Abstract

Over the last decade, a greater number of transgender or non-binary (TGNB) minors have been seeking gender affirmation surgery (GAS). Given the recent concerns about the potential harm of GAS in TGNB minors, we sought to determine the incidence and postoperative outcomes of GAS among TGNB minors. We retrospectively reviewed the American College of Surgeons National Surgical Quality Improvement Program (ACS NSQIP) Pediatricdatabase, 2018-2021, for minors aged 17 years or younger. The primary outcome was the frequency and type of GAS plotted over time. The secondary outcome was the incidence of postoperative complications within 30 days following GAS. Descriptive statistics were calculated. Linear regression was performed to assess the association between the incidence of GAS and time in years. A total of 108 TGNB minors were identified. The mean (SD) age was 16.9 (0.8) years without significant variation over time. There was a significant increase in the number of GAS per year over four years (P<.001). Nevertheless, only two (1.9%) patients underwent GAS below the age of 15 (13.9 and 14.5 years).
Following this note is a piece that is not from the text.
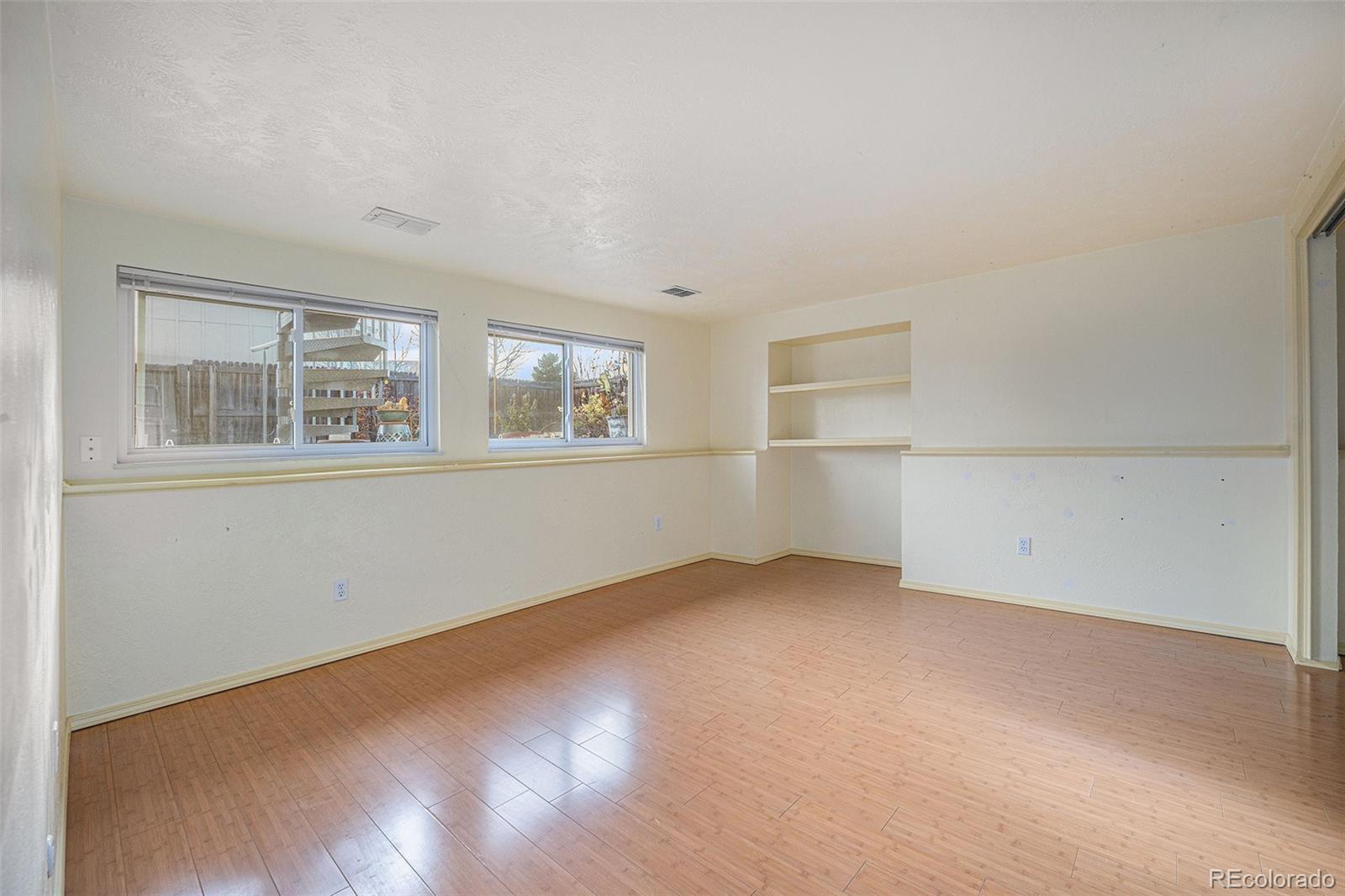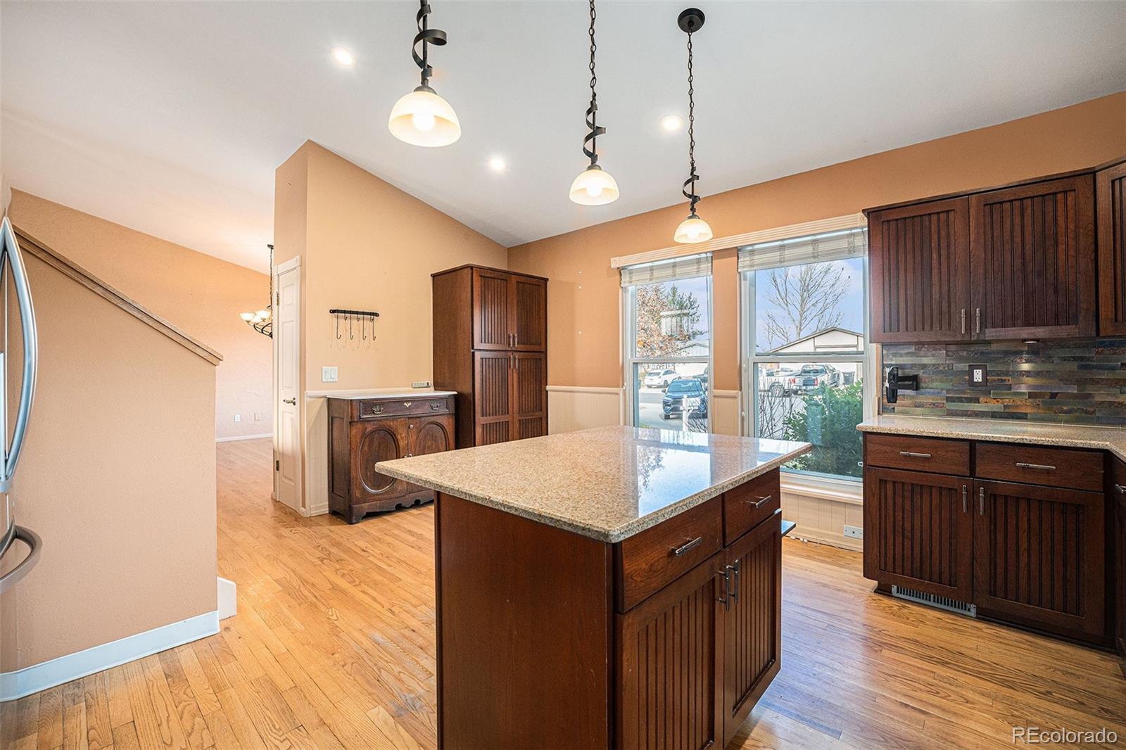 Welcome to this unique split-level home offering character, comfort, and versatile living spaces throughout. Upon entry, you’re greeted by a formal sitting room that sets an inviting tone. The modern kitchen features an island with bar seating and flows easily into the home’s upper and lower living areas. On the upper level, a cozy living space with a brick fireplace creates the perfect spot for relaxing, while the primary bedroom offers an ensuite bath with dual sinks for added convenience. The lower level includes two additional bedrooms and a full bath, providing flexibility for guests, work, or hobbies. The basement adds even more space with a large bonus room ideal for entertainment or recreation. Outside, the fully fenced yard features a patio, a storage shed, and plenty of green space for outdoor enjoyment. Conveniently located in Arvada, this home is just minutes from local parks, trails, shopping, and dining, with quick access to major roadways for easy commuting. Click the Virtual Tour link to view the 3D walkthrough. Discounted rate options and no lender fee future refinancing may be available for qualified buyers of this home.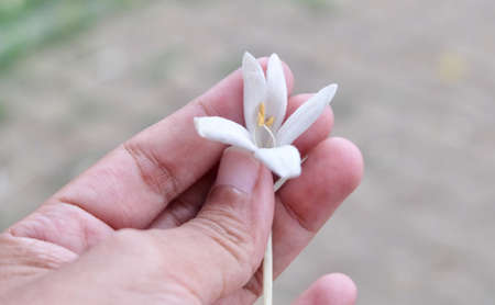 white tropical flower blooming holding on hand

Chest masculinization surgery (CMS) was the predominant procedure type among TGNB minors (n=102, 94.4%). There was no incidence of major complications (mortality, bleeding, sepsis, unplanned intubation) except for unplanned reoperation for hematoma evacuation (n=3, 2.8%). The incidence of minor complications (surgical site infection, wound dehiscence) was low (n=1, 0.9%), each). GAS in minors, primarily in the form of CMS, has been increasing over time. CMS in minors is a safe procedure with rare complications.